Mercenary sales practices used by bank staff have been uncovered in an internal document leaked by a Barclays sales manager.
Customers are viewed as 'conquests', with advisers incentivised to sell riskier investments, or more expensive, profitable products, the confidential document leaked to the Daily Mail shows.
Persuading a customer to invest their savings in the stock market is 100 times more lucrative for salesmen than advising them to cautiously put their money in a savings account, the document reveals.
A salesman will earn 18p for each £1,000 put into a cash ISA, but £18.20 for each £1,000 invested in the stock market. Those who persuade a customer to sign up to Barclays Private Banking investment service earn £49.

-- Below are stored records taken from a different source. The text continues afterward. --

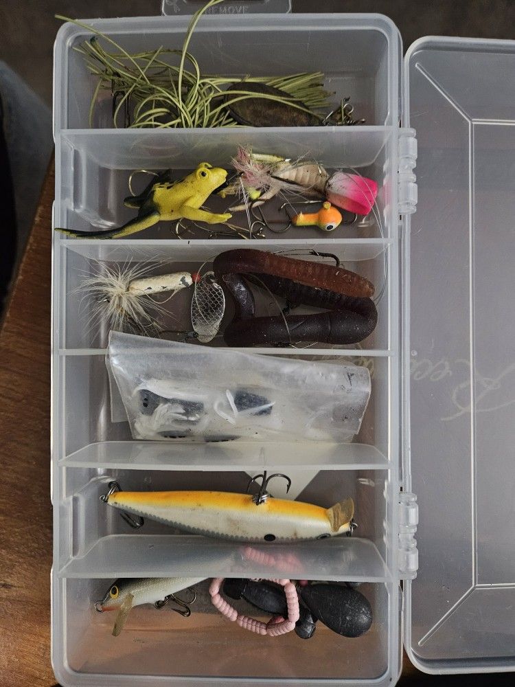 Comes as pictured, with a variety of rapalas worms frog spinner hooks etc etc.
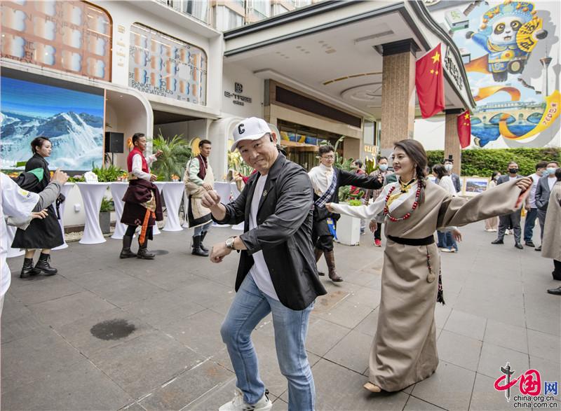 现场还有集体锅庄等互动环节,更是将气氛直接拉满,不少市民朋友主动参与其中,嘉宾和游客一起锅庄互动,感受藏族人民的歌舞文化与热情好客,玩得不亦乐乎。浓烈的民俗氛围,热情的藏家小伙儿和姑娘,如诗如画的雪国风光……让成都的市民朋友沉浸式体验了一把“瞬移”达古冰川的感觉,围观的市民朋友纷纷表示,等疫情过去,一定要去达古冰川观光游玩。
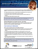 Ces feuillets fournissent des renseignements sur les pleurs des bébés et les moyens de les réconforter. Disponibles en français, en anglais et dans 17 langues par téléchargement seulement. Les feuillets ont un emplacement pour ajouter des coordonnées locales.
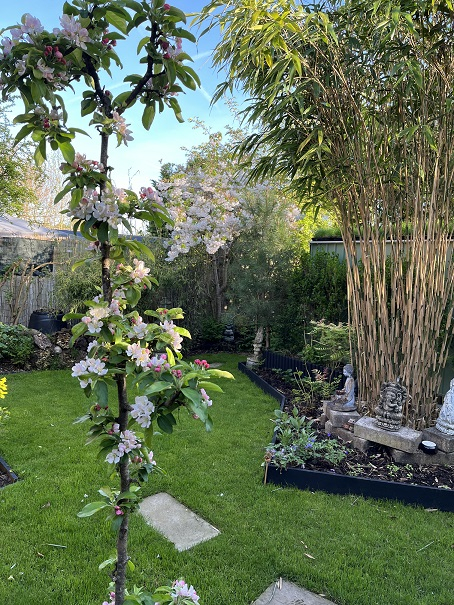 We have a wildlife garden in which my wife scatters her extensive range of bonsai trees. Here is a crab apple tree in full blossom. The tree is about 80 years old and produces small apples each year:
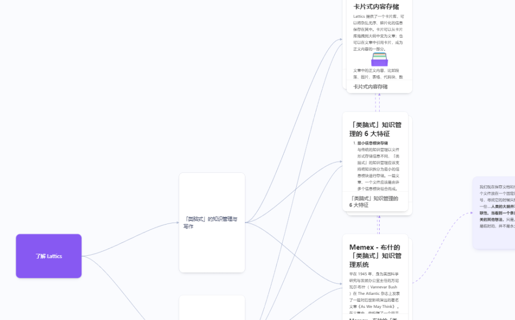 一旦涉及了「文档」和「卡片」的交叉引用,我们就会发现引用关系会变得很难看清,我们除了可以从 文档自身的「元属性」中获取正反链接的信息,还可以借助 Lattics 的「关系图」功能进行更直观的梳理。
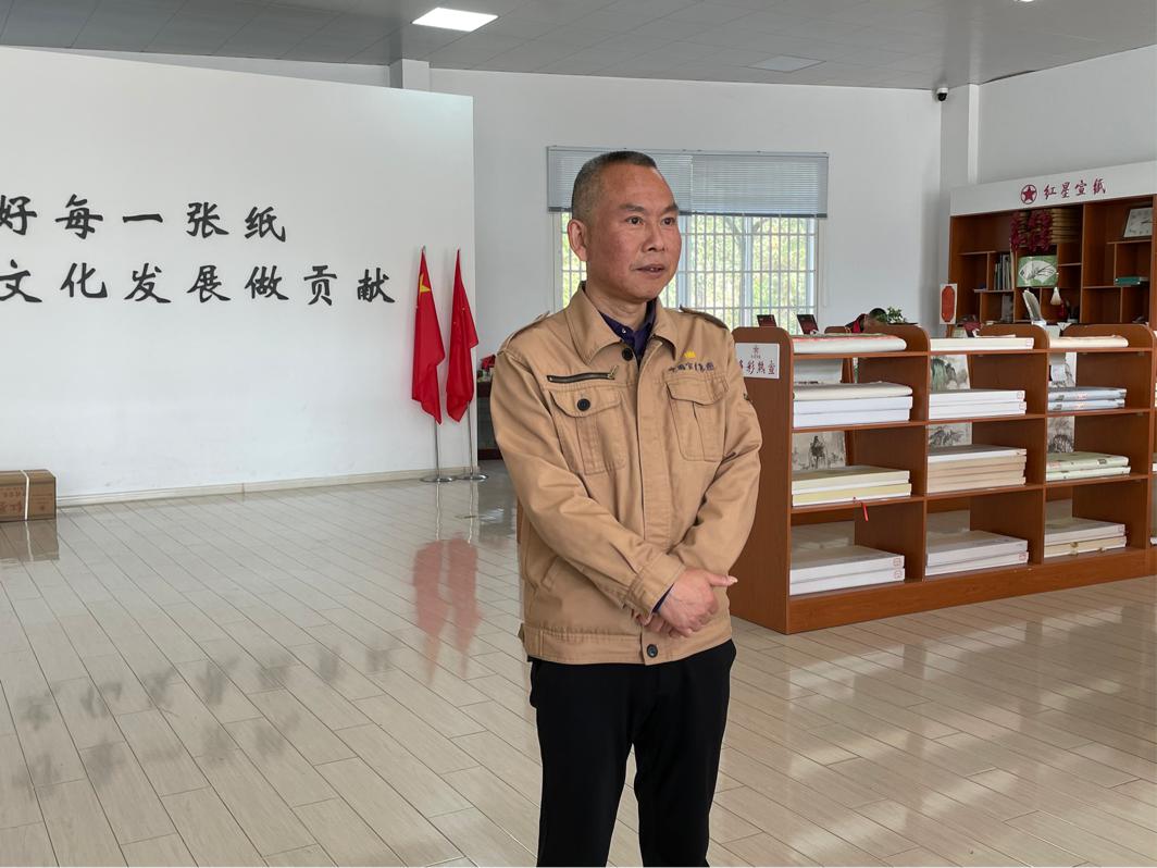 ??中國(guó)宣紙股份有限公司副總經(jīng)理黃迎福接受媒體采訪。(未來(lái)網(wǎng)記者凌萌 攝)
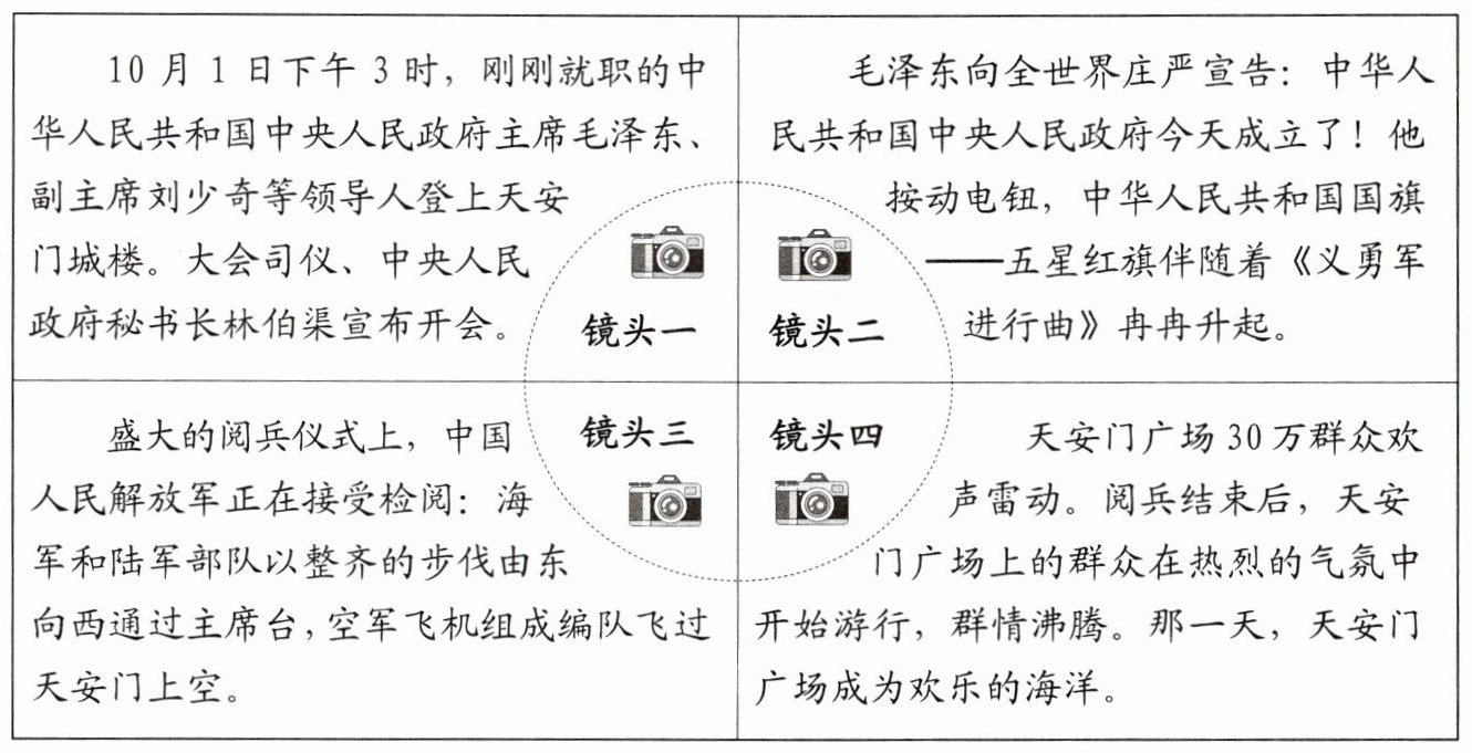 13. 1949年的开国大典留下了许多珍贵的镜头。阅读材料,回答问题。
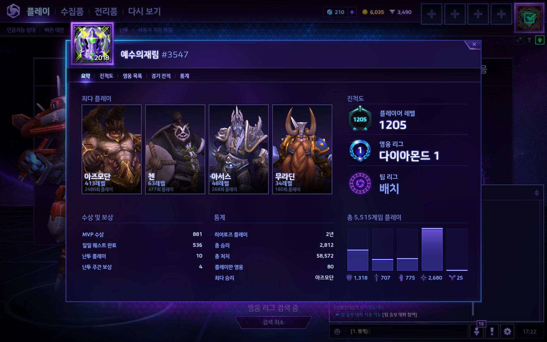 우리 팀이었는데 아즈모단 안 하고 첸하긴 했다 ...
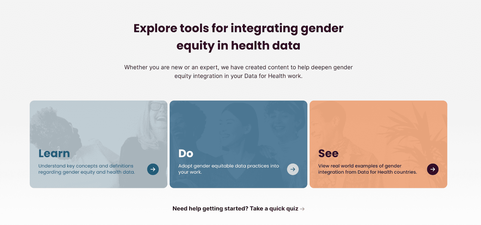 While the Gender Equity Unit team always remained the subject matter experts, we strategized with them on how to best organize their content. We created a three-category system for displaying content; Learn, Do, See. We also build a quiz that assesses an organization’s, individual’s, or country’s commitment to gender equity, with Gender Equity Unit content based on the World Health Organization’s gender assessment scale. The quiz then directs them to resources and links to build community and tools to advocate for gender equity.
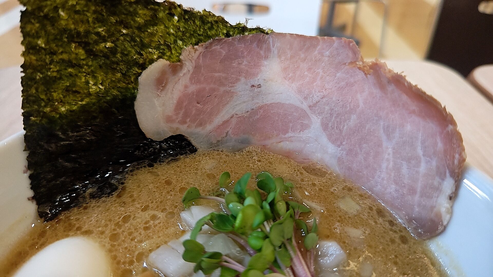 味噌スープの茶色にでかいレアチャーシューが良いね
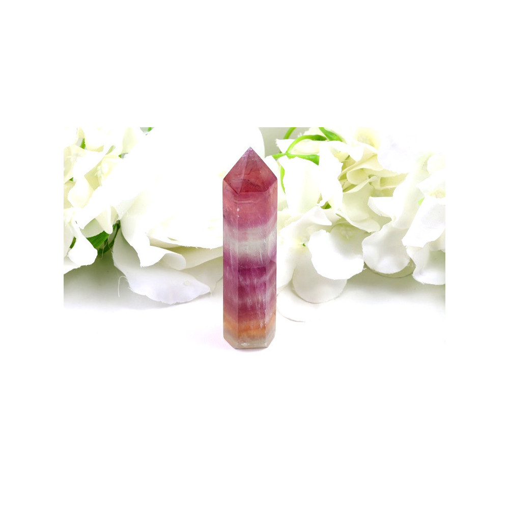 Tento nádherný duhový fluorit se prezentuje jako elegantní hexagonální krystalová věž s dokonale vypracovaným špičatým vrcholem. Kámen okouzluje fascinujícím barevným přechodem, který vytváří skutečnou duhu v minerálu. Horní část věže září v něžných růžovo-červených odstínech, které plynule přecházejí do jemných fialových a růžových tónů ve střední části krystalu. Základna kamene pak překvapuje teplými jantarově-medovými odstíny, které dodávají celému produktu jedinečný charakter. Povrch fluoritu je pečlivě vybroušen do lesklého, hladkého finishe, který zdůrazňuje jeho poloprůhlednost a poloprůsvitnost. Díky této vlastnosti jsou krásně viditelné vnitřní vrstvy a pásy, které vytvářejí fascinující optický efekt. Kámen je zpracován s maximální péčí, aby vynikla jeho přirozená krása a barevná harmonie.
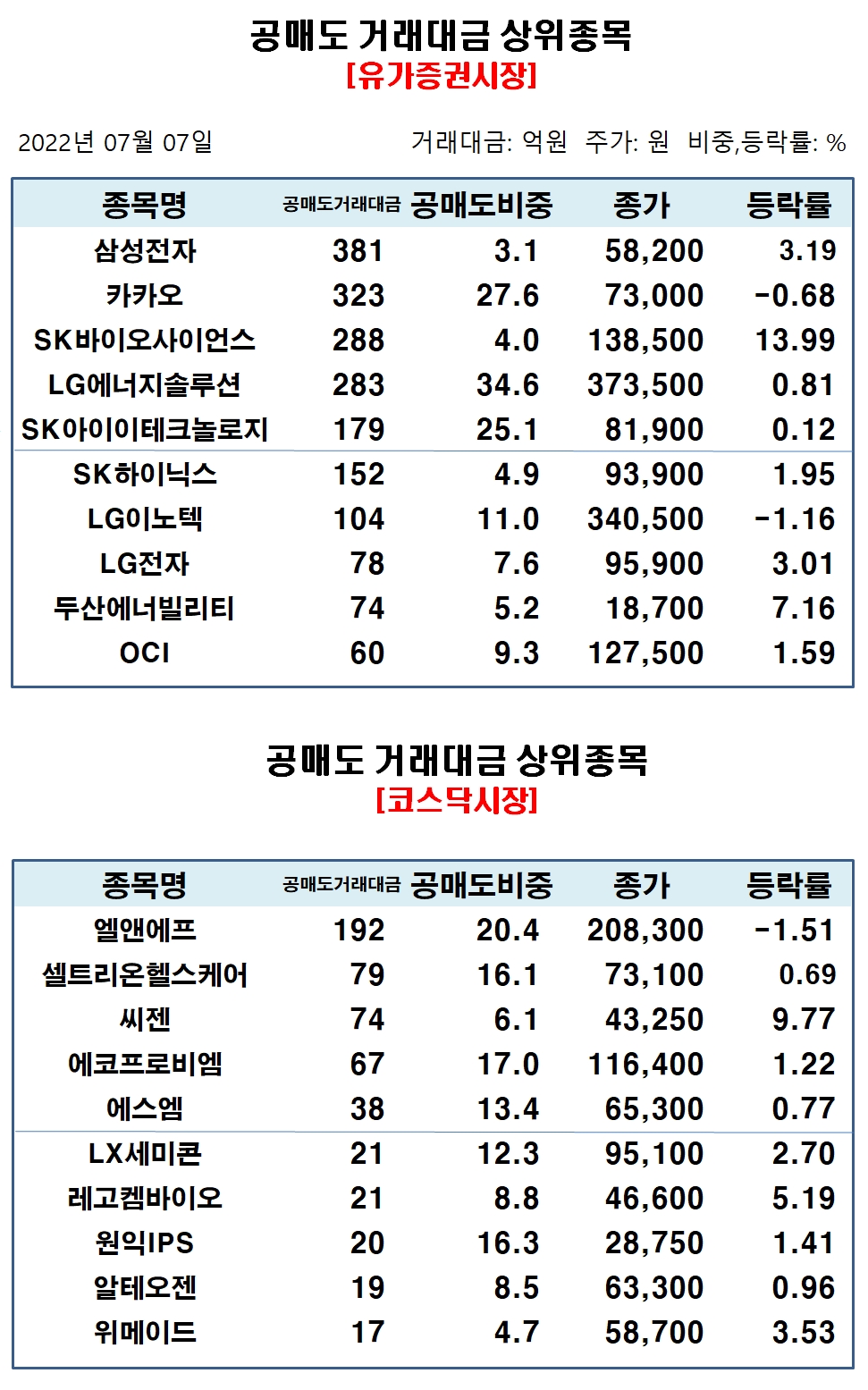 이미지 확대보기유가증권시장에서 공매도 거래대금 상위종목은 삼성전자 381억원, 카카오 323억원, SK바이오사이언스 288억원, LG에너지솔루션 283억원, SK아이이테크놀로지 179억원, SK하이닉스 152억원, LG이노텍 104억원, LG전자 78억원, 두산에너빌리티 74억원, OCI 60억원 순으로 집계됐다.
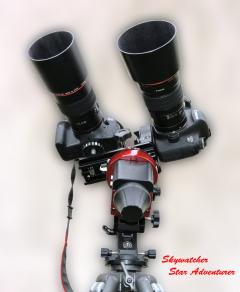 Ich hatte das 200L Objektiv auf der Eos, und nach dem Ausrichten auf Meridian/Äquator mal ein paar 2 Minuten Fotos gemacht. Die sahen schon recht gut aus, aber es brauchte noch etwas Feinjustage an der Polausrichtung,
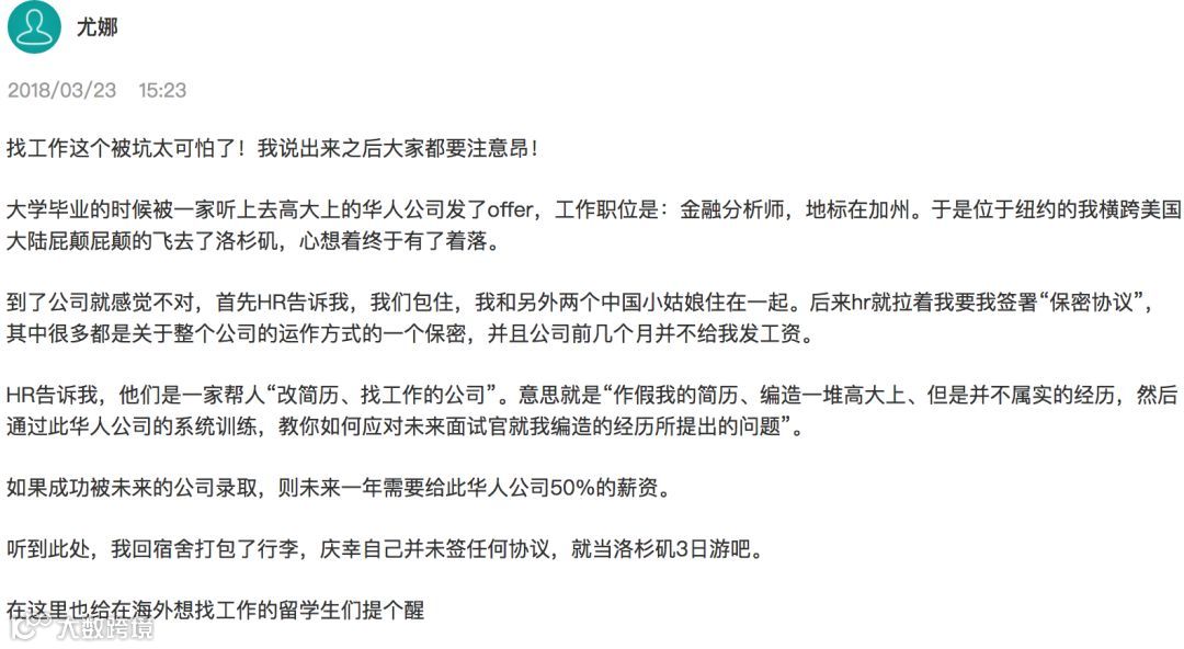 还有留学生遇到过更糟心事,比如在找工作时被自己人坑
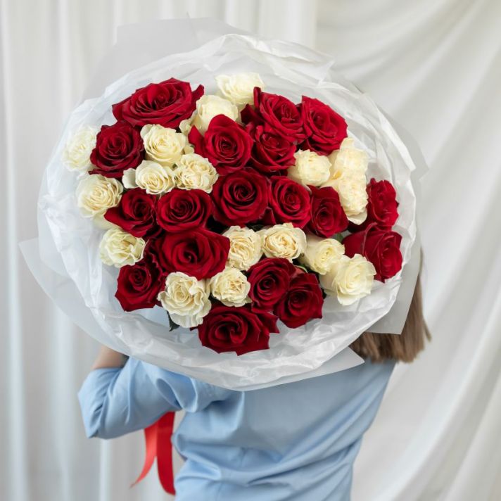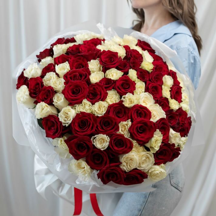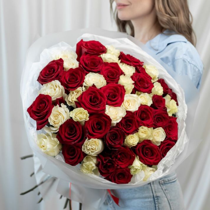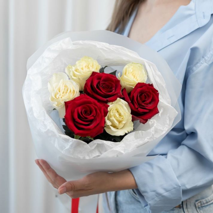 Красная и белая роза от 7 шт (60 см Эквадор)
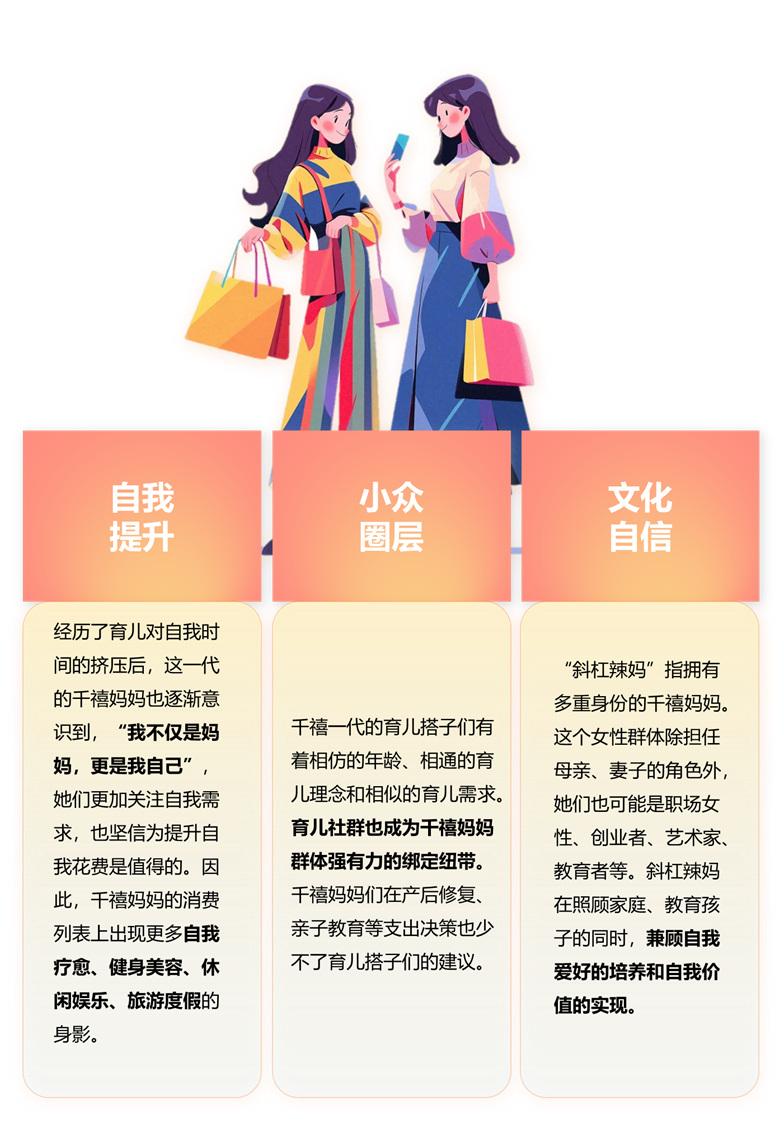 千禧妈妈是指80后千禧一代成家立业、结婚生子后,成为千禧妈妈女性消费新群体。她们敢于挑战传统的观念,表达自己的观点和想法,勇于遵从自己内心的声音,自我感受放在一个重要的位置。
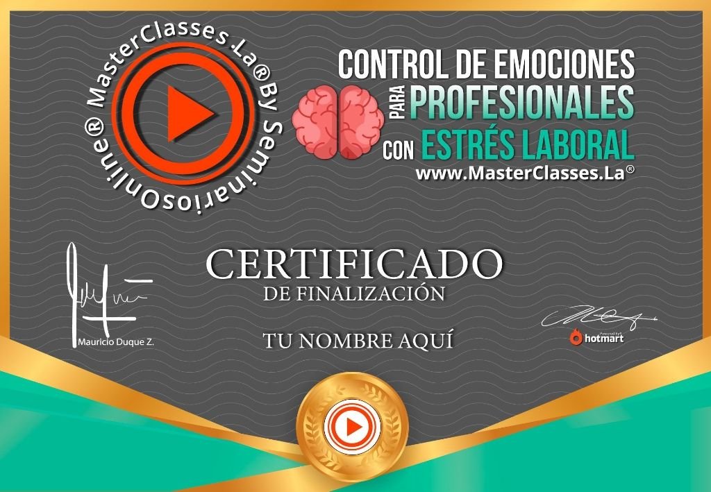 El MasterClass CONTROL DE EMOCIONES PARA PROFESIONALES CON ESTRÉS LABORAL te brinda las herramientas necesarias para gestionar el estrés y la ansiedad relacionados con el trabajo. Aprenderás a controlar tus estados emocionales, relajarte en situaciones difíciles y modificar creencias arraigadas. Además, tendrás acceso a técnicas de Programación Neurolingüística y recibirás un certificado avalado por Hotmart y Seminarios Online. No pierdas la oportunidad de alcanzar tus objetivos profesionales y mantener el equilibrio en tu vida laboral.

The whistleblower, who manages a large sales team at Barclays, says: "It's a very high-pressure environment.
"Some of the things we sell - such as structured products - are rubbish. It's an easy sell as they offer elements of protection. But we are now being discouraged from selling so much because we want to be seen to be giving proper advice."
The bank is believed to be under investigation by the City watchdog for persuading thousands of elderly customers to switch their savings into risky funds.
Barclays says its processes adhere to banking regulations.
In a statement to the Daily Mail it said: "Staff rewards are reflective of the complexity of the product and the time invested to fully address the customer's needs.
"'Conquest' is a long-standing generic term for new business. We don't use it in relation to individual customers."
Salesmen earn points towards bonus targets for their team. Barclays calls the points earned on a product its 'real retail Conquest Value'.
Typically, the riskier the product, the higher the 'conquest value' and the more lucrative it is for the salesman.
The number of points earned from every £100,000 invested via Barclays Financial Planning has jumped by more than a third - from 2,700 last year to 3,750. Meanwhile, a Barclays loan earns 5,000 points.
The whistleblower says: "The pressure can be unbearable. We are set unrealistic targets. They were increased in January and our rewards were reduced. This money comes out of customers' pockets one way or another - either directly, or through charges built into the product."
Experts say the document makes a mockery of the FSA's decision to allow bank salesmen to escape the commission ban on IFAs, to be implemented as part of the RDR by 31 December 2012.
Other High Street banks offer similar incentive schemes which reward salesmen for churning as many investments as possible.